[PATCH v6 20/22] usb: dwc2: host: Properly set even/odd frame
Kever Yang
kever.yang at rock-chips.com
Tue Feb 2 23:47:31 PST 2016
Doug,
Thanks for your detail debug information, pls add my Reviewed-by for
this patch.
Thanks,
- Kever
On 02/03/2016 06:47 AM, Doug Anderson wrote:
> Kever,
>
> On Mon, Feb 1, 2016 at 11:46 PM, Kever Yang <kever.yang at rock-chips.com> wrote:
>> Doug,
>>
>>
>> On 01/29/2016 10:20 AM, Douglas Anderson wrote:
>>> When setting up ISO and INT transfers dwc2 needs to specify whether the
>>> transfer is for an even or an odd frame (or microframe if the controller
>>> is running in high speed mode).
>>>
>>> The controller appears to use this as a simple way to figure out if a
>>> transfer should happen right away (in the current microframe) or should
>>> happen at the start of the next microframe.
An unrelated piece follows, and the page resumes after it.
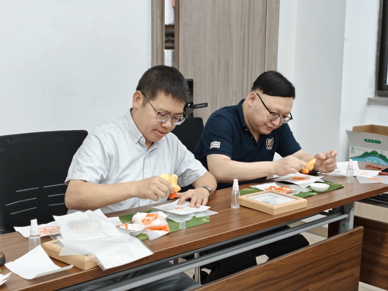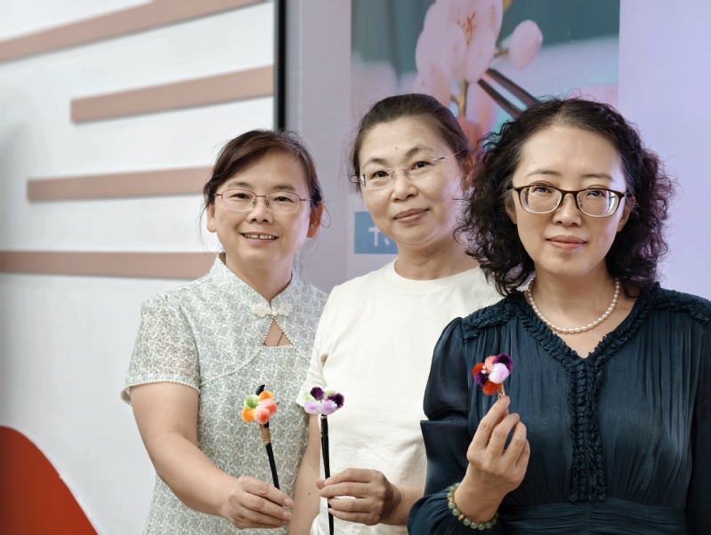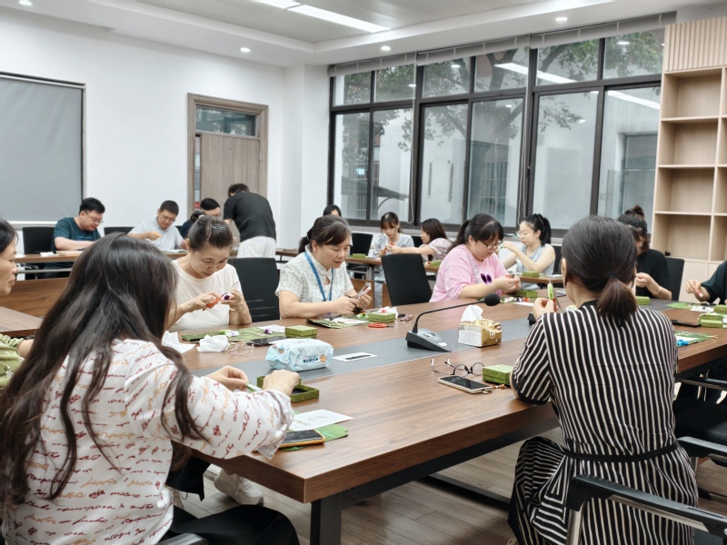 在活動中,女教師學習體驗了非遺絨花制作。教師們經過打尖、傳花、粘花等繁復工序在指尖綻放出精巧花韻,從中也感受到了春風化雨,潤物無聲 的師者情懷:在日復一日地耕耘中,為學生的健康成長編織出絢爛而堅韌的精神之花。男教師學習體驗了金石拓印技術,以細膩手法復刻瓦當圖案。為精準捕捉圖案紋理,教師們在潤紙、蘸墨、上墨等過程中處處體現出了極強的耐心和細心,正如日常教學中以嚴謹態度傳授學問,以高尚品格浸潤心靈,使“立德樹人”的初心如拓印般清晰、端正、有力量。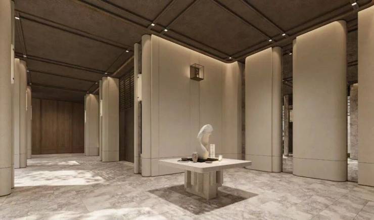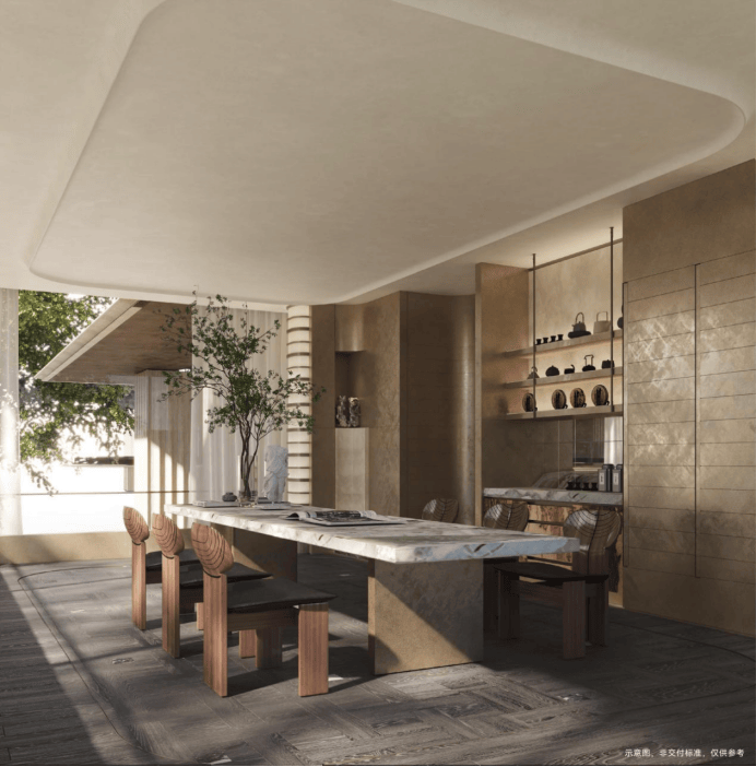 “回归之境”以3500㎡下沉水苑为核心,汇聚会客、泳池、茶室等多功能空间,形成仪式感十足的社区舞台.

Said another way:
>>>
>>> - If you set "odd" and the current frame number is odd it appears that
>>> the controller will try to transfer right away. Same thing if you set
>>> "even" and the current frame number is even.
>>> - If the oddness you set and the oddness of the frame number are
>>> _different_, the transfer will be delayed until the frame number
>>> changes.
>>>
>>> As I understand it, the above technique allows you to plan ahead of time
>>> where possible by always working on the next frame. ...but it still
>>> allows you to properly respond immediately to things that happened in
>>> the previous frame.
>>>
>>> The old dwc2_hc_set_even_odd_frame() didn't really handle this concept.
>>> It always looked at the frame number and setup the transfer to happen in
>>> the next frame. In some cases that meant that certain transactions
>>> would be transferred in the wrong frame.
>>>
>>> We'll try our best to set the even / odd to do the transfer in the
>>> scheduled frame. If that fails then we'll do an ugly "schedule ASAP".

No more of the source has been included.